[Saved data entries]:
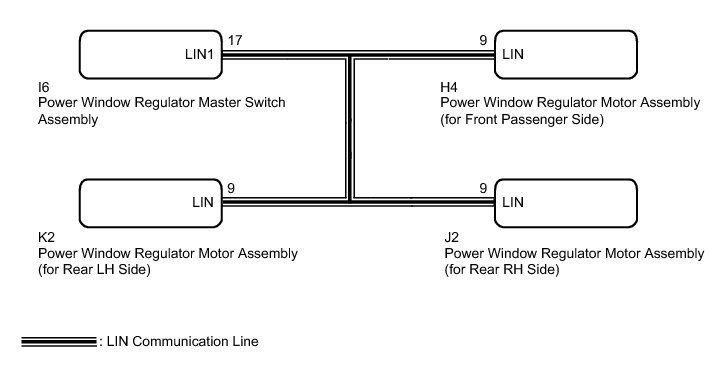The power window control system uses a multiplex communication system (LIN communication system). Inspect the communication function by following How to Proceed with Troubleshooting How To Proceed With Troubleshooting. Troubleshoot the power window control system after confirming that the communication system is functioning properly.
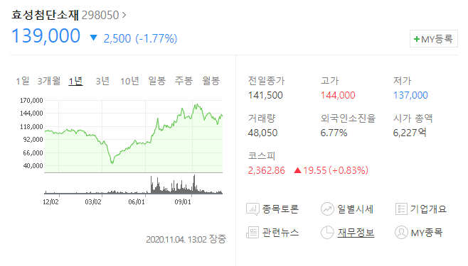 20년 6월 기준으로 작년 대비 매출액은 33.22% 감소 했습니다. 영업이익 적자전환, 당기순이익 적자전환 하였습니다. 하지만 에어백용 원단과 폴리에스터 타이어코드 안전벨트용 원사 그리고 자동차용 카페크 사업 부분은 자동차 시장의 성장이 예상되면서 같이 성장할 것으로 분석 됩니다. 그리고 아라미드, 탄소섬유와 신소재제품 개발 등 사업 다각화로 추후 성장 가능성을 예상 할 수 있습니다.
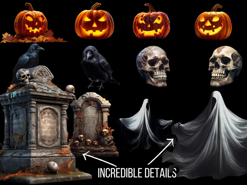 Transform your photos and artwork with this Halloween PNG Bundle, packed with 100 high-resolution overlays featuring eerie elements like ghosts, pumpkins, skulls, witches, and more! Whether you're working on Halloween portraits, digital art, or creepy composites, these overlays are perfect for adding a haunting touch to your creations.
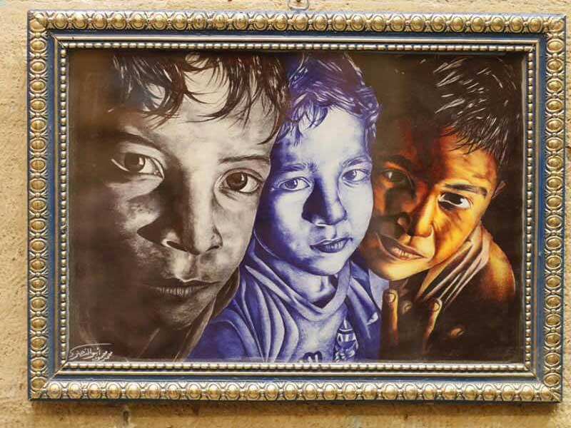 وبوجه عام، جسّدت لوحات المعرض، أماكن تعبّر عن الهوية المصرية، وطغى عدد من لوحات فن "البورتريه" التي تناولت وجوهاً بسيطة من المجتمع المصري، يظهر على ملامحها مشاعر مختلفة بين الفرح أحياناً والشقاء في أحيان أخرى، إلى جانب بورتريهات لشخصيات دينية وفنية معروفة، وكأنها رسالة واضحة مفادها أن رجل الدين والفنان ليسا على خلاف، وأن لكل منهما دورا مهما في المجتمع.أطفال يعزفون
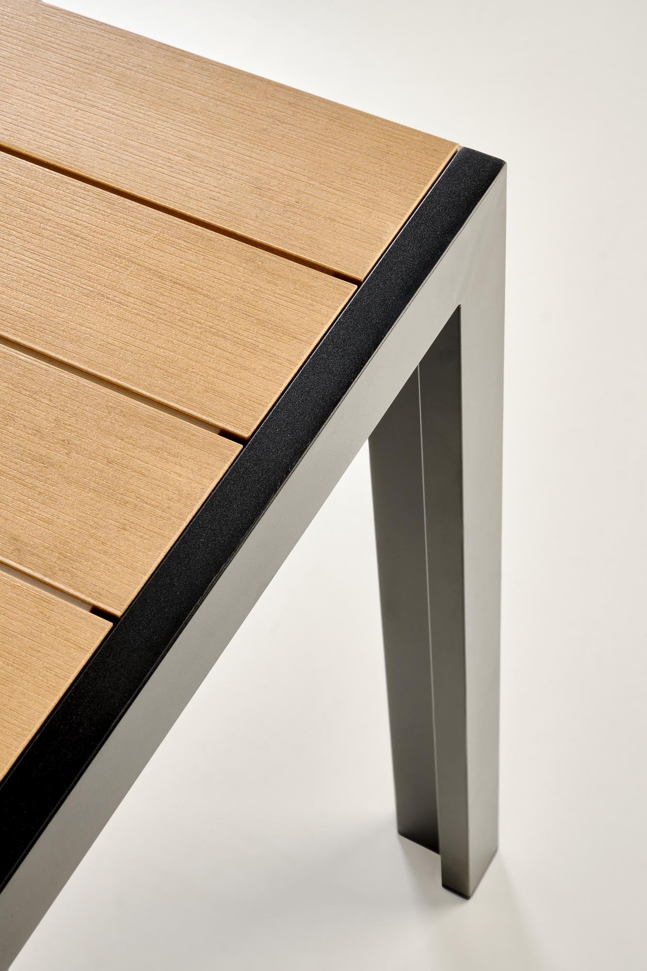 A Capron kerti asztal a funkcionalitás és az időtálló dizájn tökéletes találkozása. A minimalista fekete fém váz modern karaktert kölcsönöz, míg a meleg fa hatású asztallap természetes hangulatot visz a kültéri térbe. Kompakt mérete miatt ideális választás kisebb teraszokra, erkélyekre vagy kerti pihenősarkokba. Az asztallap időjárásálló anyagból készült, így gond nélkül kint hagyható az év nagy részében, a porfestett fém váz pedig strapabíró és rozsdaálló. A Capron asztal tökéletes választás, ha olyan kerti bútort keresel, amely egyszerre praktikus, esztétikus és tartós. Párosítsd hozzáillő székekkel, és alakíts ki egy igazán hívogató kültéri étkezősarkot!
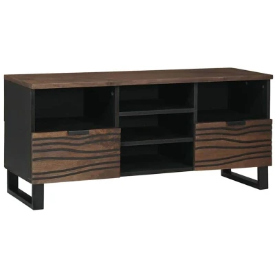 ManoManoGeneral description This Rustic TV Cabinet adds a touch of class to any living room. It's all about that perfect mix of style and practicality, radiating warmth and charm with its wavy pattern. More than just a place for your TV, it makes a stylish statement while enhancing your home’s decor. The layout is practical, with a textured finish that offers smart storage options and looks good doing it. Technical specifications Colour: Brown Material: Solid mango wood Overall dimensions: 100 x 33 x 46 cm (L x W x H) With drawer Assembly required: Yes EAN: 8721158451194 SKU: 4018026 Brand: vidaXL Installation Assembly is best done with two people, using a screwdriver and hammer while following the easy instructions for a smooth setup. Usage This cabinet turns clutter into a tidy setup, making it a must-have in the living room for electronics, media, and more. Use it as a focal point for your entertainment area. Other information
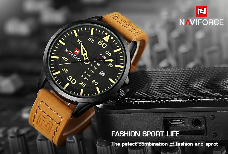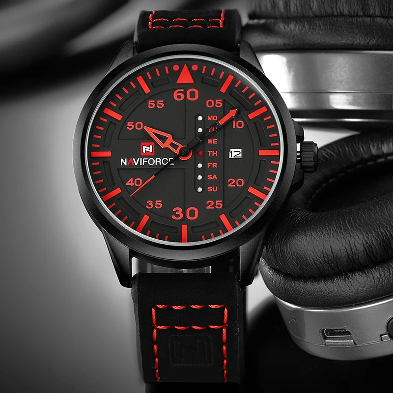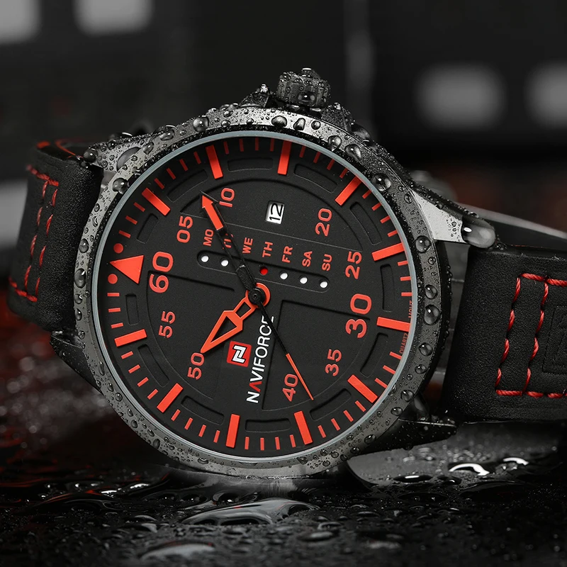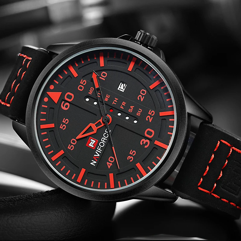Часы NAVIFORCE Мужские кварцевые с кожаным ремешком, повседневные, военные, спортивные
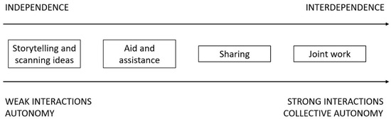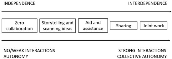 Collaboration as interaction is distinguished by range, location, frequency, focus, concreteness, relevance, reciprocity, and inclusivity (Little, 1990). According to Biro (2003), teachers’ joint work may be best conceptualized as a continuum that most precisely reflects the depth of collaboration, starting with the most independent forms of action (Hargreaves, 2019), which assume weak interactions and high autonomy (Vangrieken & Kyndt, 2020), and moving toward more interdependent forms of action with stronger interactions (Figure 1). Interactions between teachers are the action of collaboration, and the glue of these interactions is the communication that develops mutual understanding. Interaction and communication, however, may not lead to collaboration (Smith, 2009). A good example of this is the first unit on the teacher–teacher interaction continuum—storytelling and scanning ideas (Little, 1990).
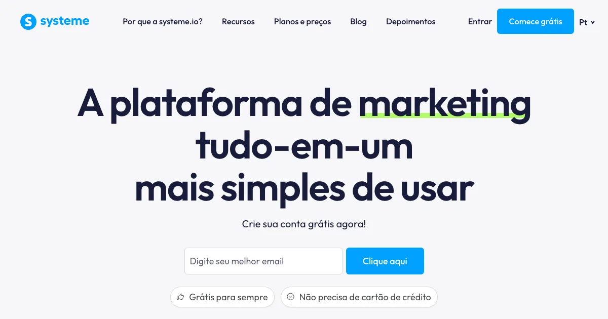 Systeme.io é uma plataforma de landing pages e funis que ajuda equipes a criar páginas de captura, montar funis de conversão e testar ofertas e mensagens. Nos dados coletados, a ferramenta destaca recursos como Por que a systeme.io?, Planos e preços e Depoimentos.
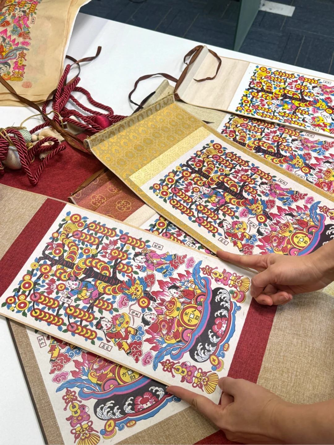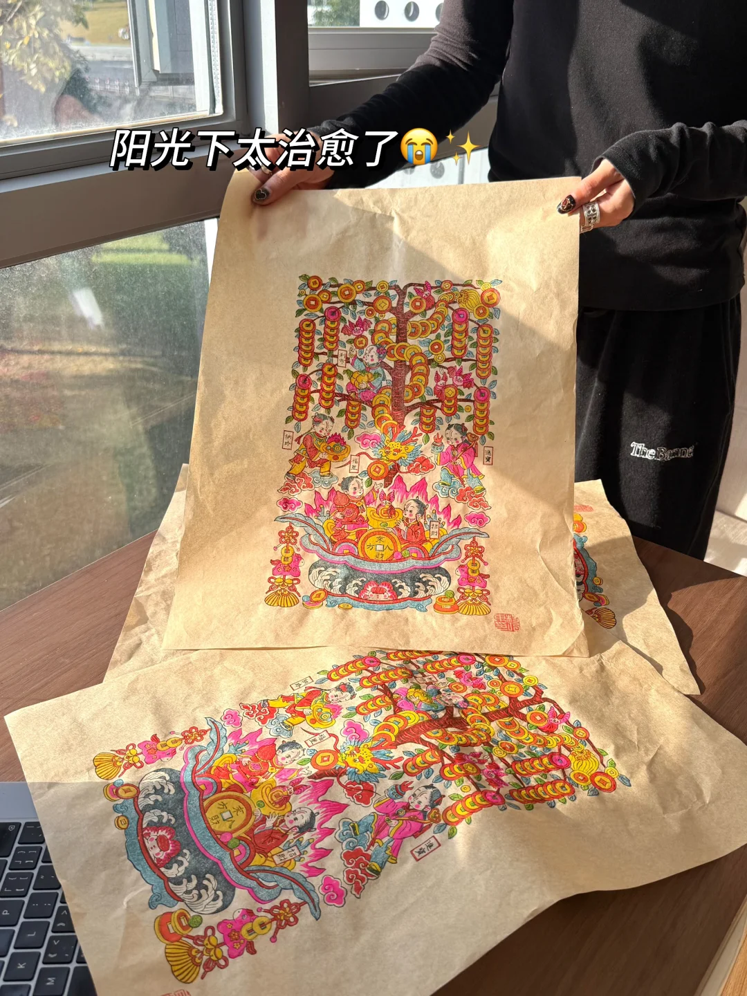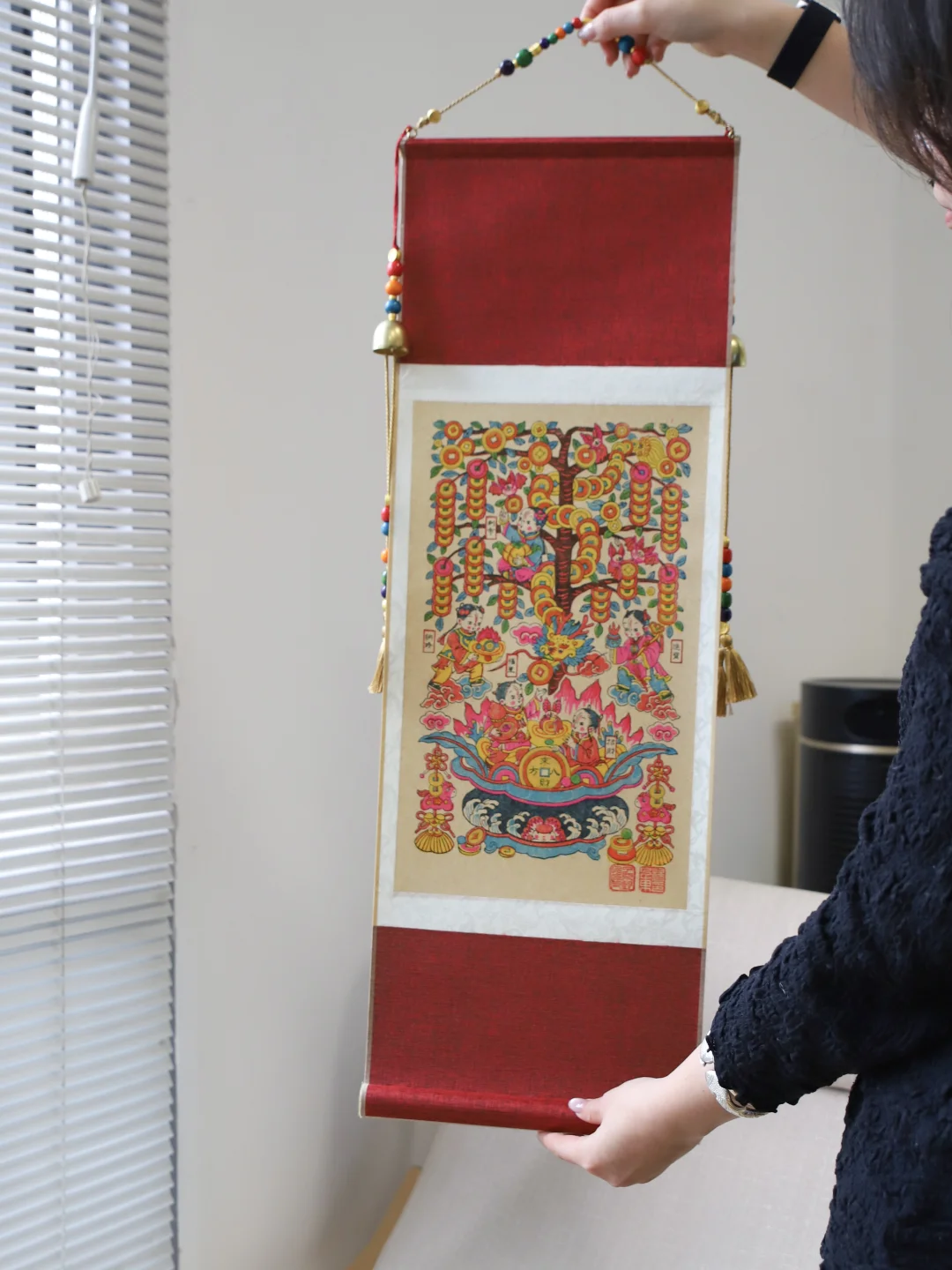 一开始其实我们也没个准 知道成品出来的时候 我们很惊喜 终于有一款更适合现代家居的年画了!! 灰、白、金我们尝试了很多卷轴颜色 最终选择了红色 因为大家对红色的呼声太高了 也符合我们对新年的期望 红红火火但不俗气 画面里有摇钱树、招cai童子 吸纳好运的聚宝盆、铜钱小马... 有着满满的新年感 加入了印金 挂画会在不同的光线下 散发着微微的金光🌟 2026刚出头就已经断货 现在最新一批开始 越晚越没货(真的是实话)
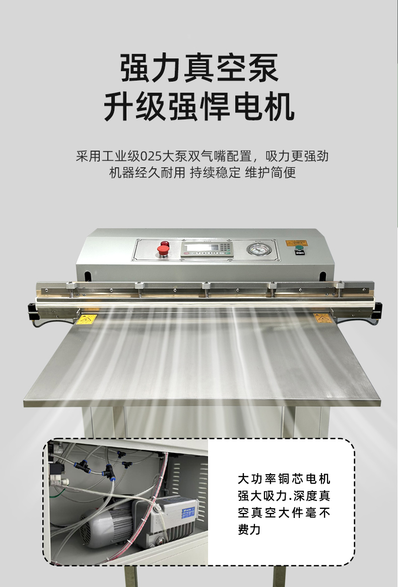 外抽真空包裝機不受包裝容器形狀和尺寸限制,無論是大型工業零部件還是小型家用物品,只要抽氣口能與抽氣嘴連接,均可進行真空包裝
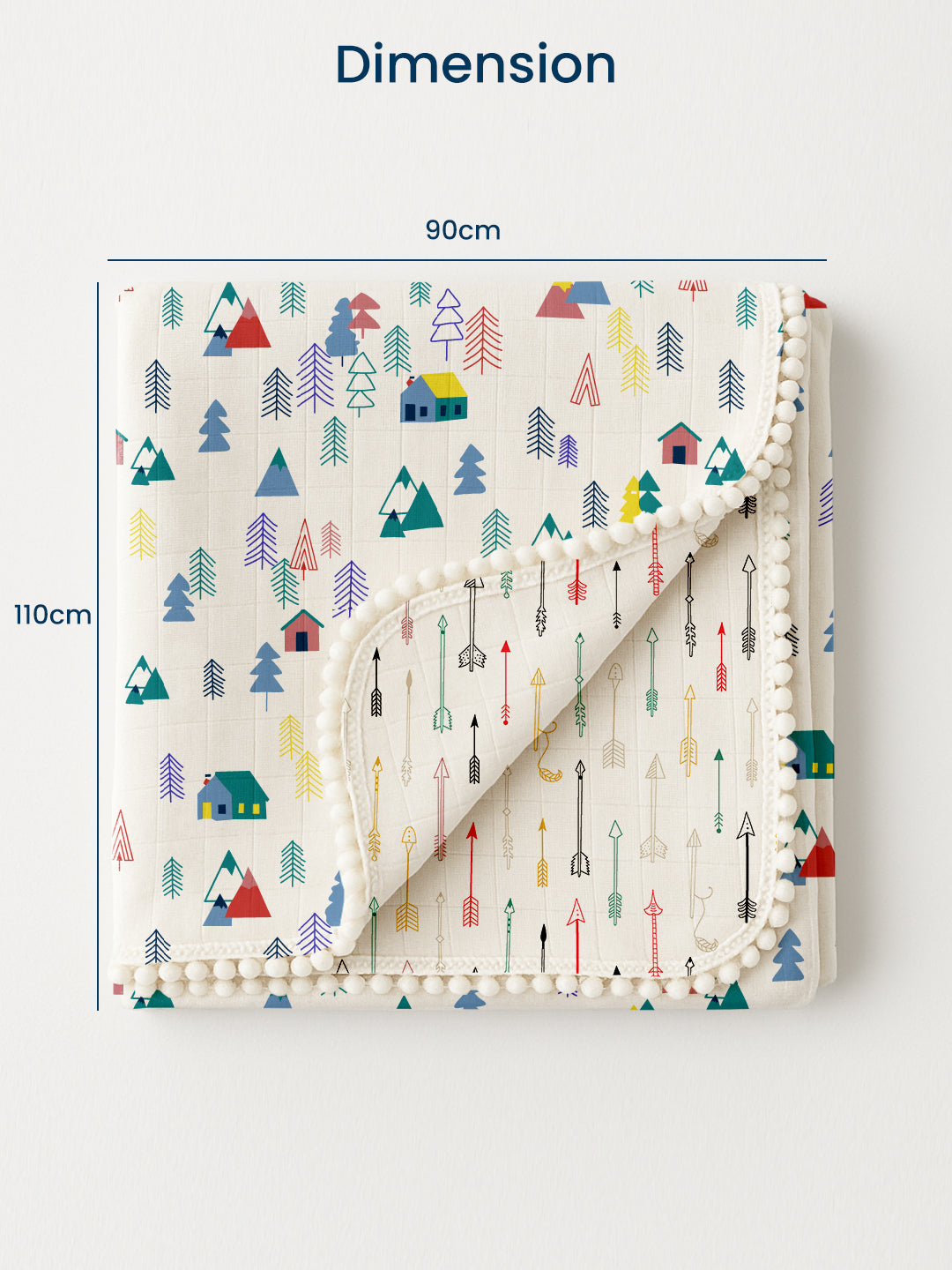 Polka Tots 100% Soft Muslin Cotton 3-Layer Reversible Baby Blanket/Dohar with Pom-Pom Lace - Tiny Town and Cupid Print
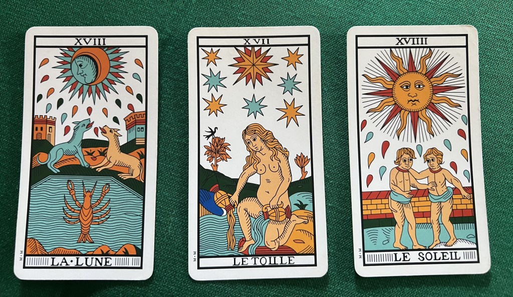 per fare un altro esempio, ipotizziamo ancora l’estrazione della carta la “Stella”. Il suo significato quale carta singola non cambia rispetto a quanto già detto. Questa volta, tuttavia, immaginiamo che la carta sia preceduta dalla “Luna” e sia seguita dal “Sole”.
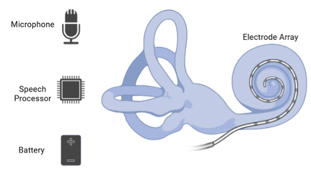 Scientists know a lot about how we transfer sound information to the brain (for a nice summary, see Greer’s post here!) but our hearing is not always guaranteed. Hearing loss is a common phenomenon experienced by approximately 1.5 billion people worldwide, of which 430 million require treatment1,2. While the treatment of hearing loss has a long history, the more recent development of the cochlear implant has had the most profound impact. Specifically, cochlear implants have proven enormously successful in restoring functional sound and speech perception to the majority of the 1 million patients who have been implanted as of 20223. In this post, we’ll take a deep dive into the inner workings of cochlear implants and how they restore hearing.
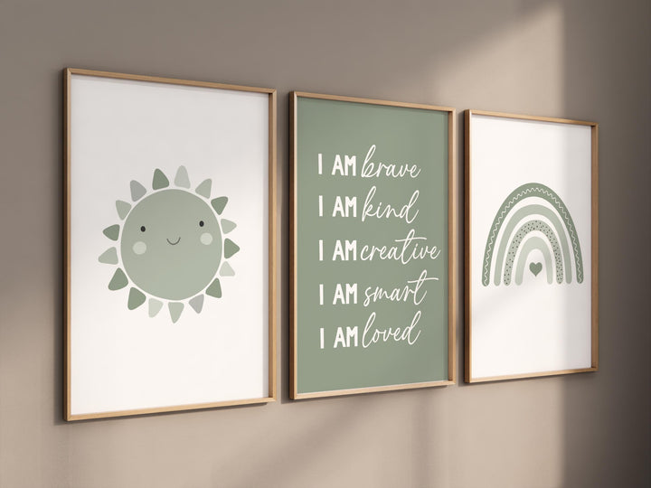 Nursery decor Boho, rainbow nursery, sage nursery, boys room decor, sage green nursery, I am brave, heart print, gender neutral nursery
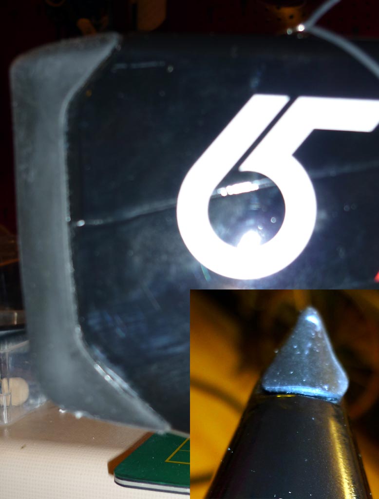 Der Bug mit Bumper, ein recht massiv ausgeführtes Gummiteil, für meinen Geschmack auch zu weit nach unten um den Bug rumgezogen. Die Übergänge und die Verklebung könnten auch schöner sein, schwierig im Photo rüberzubringen aber mal ein Versuch:
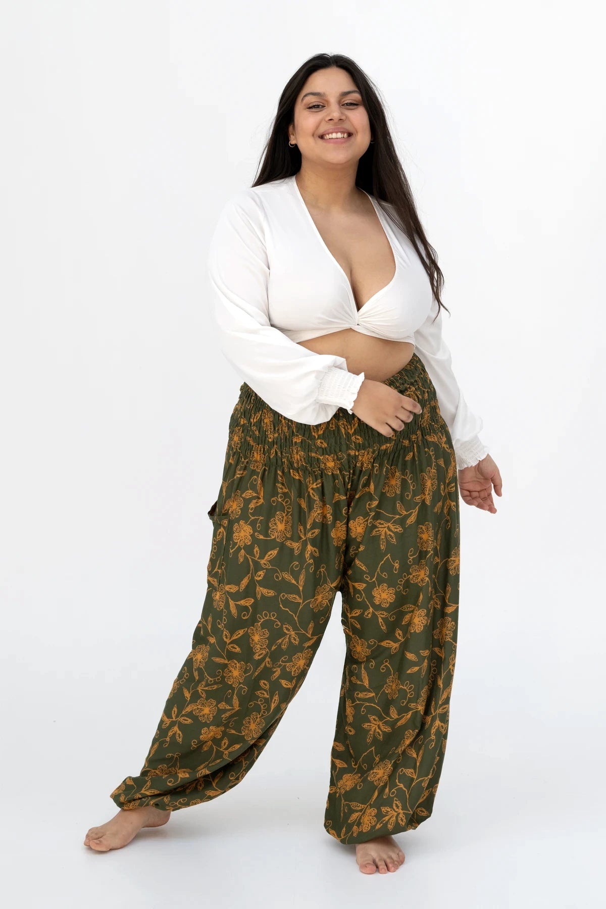 Calça Harem Verde Oliva Flor Silvestre Plus Size
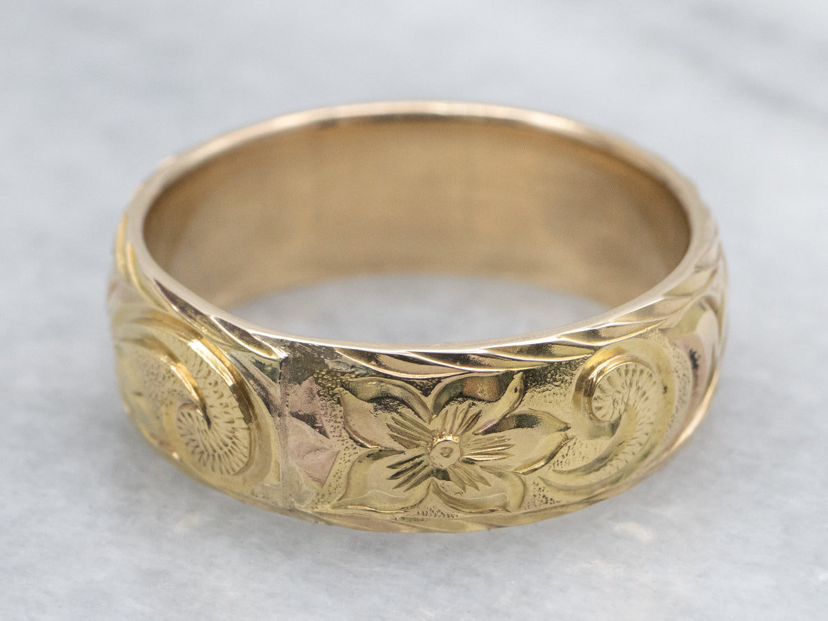 A distinguished vintage band showcasing an elegant botanical motif rendered in contrasting two-tone gold. This refined piece exemplifies timeless craftsmanship, blending warm yellow and white gold in a harmonious design that speaks to both classic sensibility and artistic detail. Perfect for the discerning gentleman seeking a wedding band or statement ring with historical character and enduring sophistication.

[Task]: Restate exactly, please, only the lines between the start of the data and the line containing "وبوجه عام، جسّدت", both ends included, skipping the pictures.

[Exercise answer]:
The power window control system uses a multiplex communication system (LIN communication system). Inspect the communication function by following How to Proceed with Troubleshooting How To Proceed With Troubleshooting. Troubleshoot the power window control system after confirming that the communication system is functioning properly.
 20년 6월 기준으로 작년 대비 매출액은 33.22% 감소 했습니다. 영업이익 적자전환, 당기순이익 적자전환 하였습니다. 하지만 에어백용 원단과 폴리에스터 타이어코드 안전벨트용 원사 그리고 자동차용 카페크 사업 부분은 자동차 시장의 성장이 예상되면서 같이 성장할 것으로 분석 됩니다. 그리고 아라미드, 탄소섬유와 신소재제품 개발 등 사업 다각화로 추후 성장 가능성을 예상 할 수 있습니다.
 Transform your photos and artwork with this Halloween PNG Bundle, packed with 100 high-resolution overlays featuring eerie elements like ghosts, pumpkins, skulls, witches, and more! Whether you're working on Halloween portraits, digital art, or creepy composites, these overlays are perfect for adding a haunting touch to your creations.
 وبوجه عام، جسّدت لوحات المعرض، أماكن تعبّر عن الهوية المصرية، وطغى عدد من لوحات فن "البورتريه" التي تناولت وجوهاً بسيطة من المجتمع المصري، يظهر على ملامحها مشاعر مختلفة بين الفرح أحياناً والشقاء في أحيان أخرى، إلى جانب بورتريهات لشخصيات دينية وفنية معروفة، وكأنها رسالة واضحة مفادها أن رجل الدين والفنان ليسا على خلاف، وأن لكل منهما دورا مهما في المجتمع.أطفال يعزفون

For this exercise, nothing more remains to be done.